Just 250 birds left alive
As few as 250 grey-breasted parakeets, which are native to Ceará in northeast Brazil, are believed to remain in the wild. Habitat loss and the illegal pet trade are blamed for their devastating decline. However the new arrivals have given conservationists fresh hope in the fight to haul the species back from the brink.

"These little additions are very significant indeed," said Andy Woolham, Chester Zoo's team manager of parrots and penguins. "Chester is the only zoo that works with grey-breasted parakeets in the UK and we're absolutely thrilled that we've been able to breed them, not least because there is real concern about the long-term future of the species in the wild.

Habitat loss
"Just 13% of their original habitat now remains as it has been cut down to make way for coffee plantations. That, coupled with what is thought to be their main threat, the illegal trade in captured individuals, has resulted in a dramatic reduction in their numbers. Sadly, they really are being pushed towards the very edge of extinction. However these hatchings give us hope and the challenge now for us is to replicate our breeding successes; try and establish a safety net population of these birds and help make sure that the future of this wonderful species is safeguarded."

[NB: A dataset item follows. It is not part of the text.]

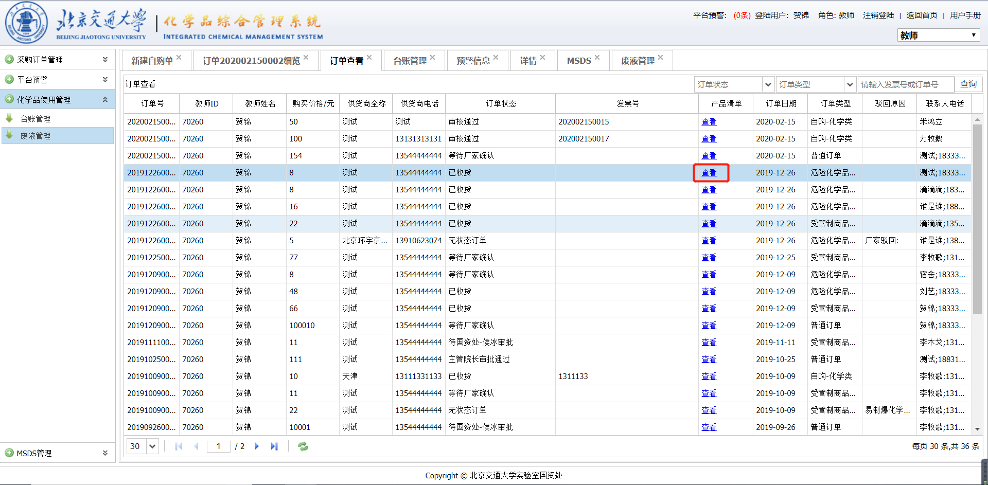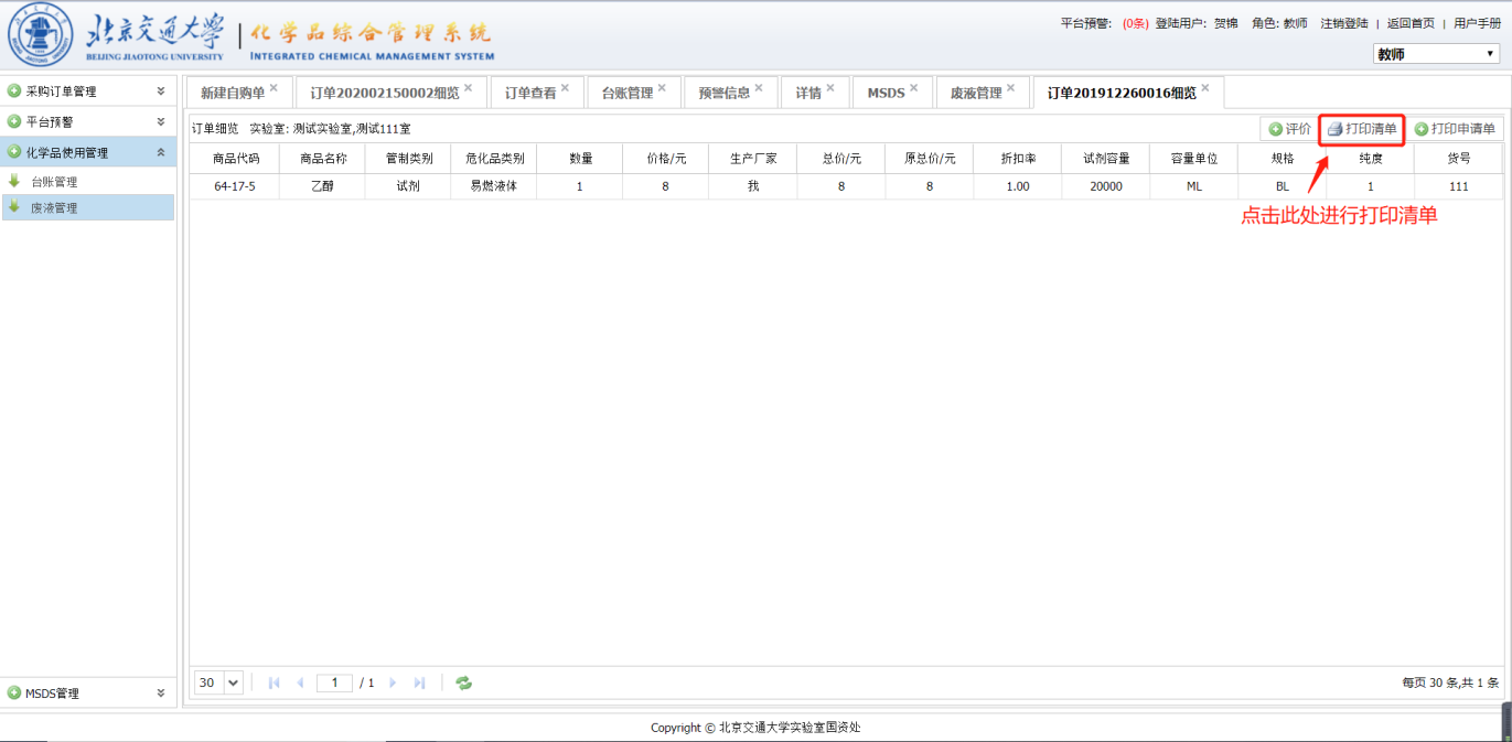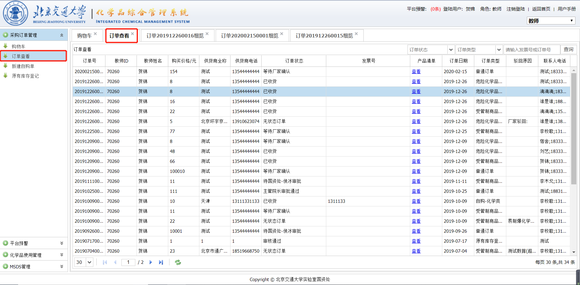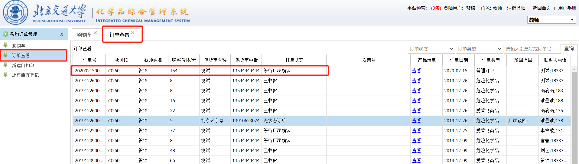 提交的订单系统会自动进入相应的审批流程。教师在此期间可以查看订单的状态和信息。

  • The grey-breasted parakeet is considered the most 
    critically endangered parakeet species in Brazil.
  • Once regarded as a sub-species of the white eared 
    parakeets (Pyrrhura leucotis) they were recently 
    given full species status
  • The chicks hatched on July 22

The diminutive grey-breasted parakeet (Latin name Pyrrhura griseipectus), which is listed by Birdlife International as being critically endangered, grow to around 22cm tall and reach just 50g in weight.

Mr Woolham added: "When our chicks first hatched they were the size of 50 pence pieces. For the first 11 weeks they remained in their nest box where they were well looked after by their parents until they started feeding themselves, just as they would in the wild. But now we've finally been able to get a closer look at them.

"We've also been able to take a tail feather from each of the chicks, which will now be sent off for DNA sexing. It's vitally important that we know their genders so that we can work out who to pair with who in the future. These birds are extremely important and hopefully both will one day go on to have chicks of their own."

The chicks hatched just six weeks after a new purpose-built breeding facility for rare parrots was opened at the zoo. The zoo also supports a project which is working to protect the species in the wild.

Chester Zoo has also achieved breeding successes with several other threatened parrot species, including Mount Apo lorikeet, Ecuadorian Amazon, hyacinth macaw and Philippine cockatoo.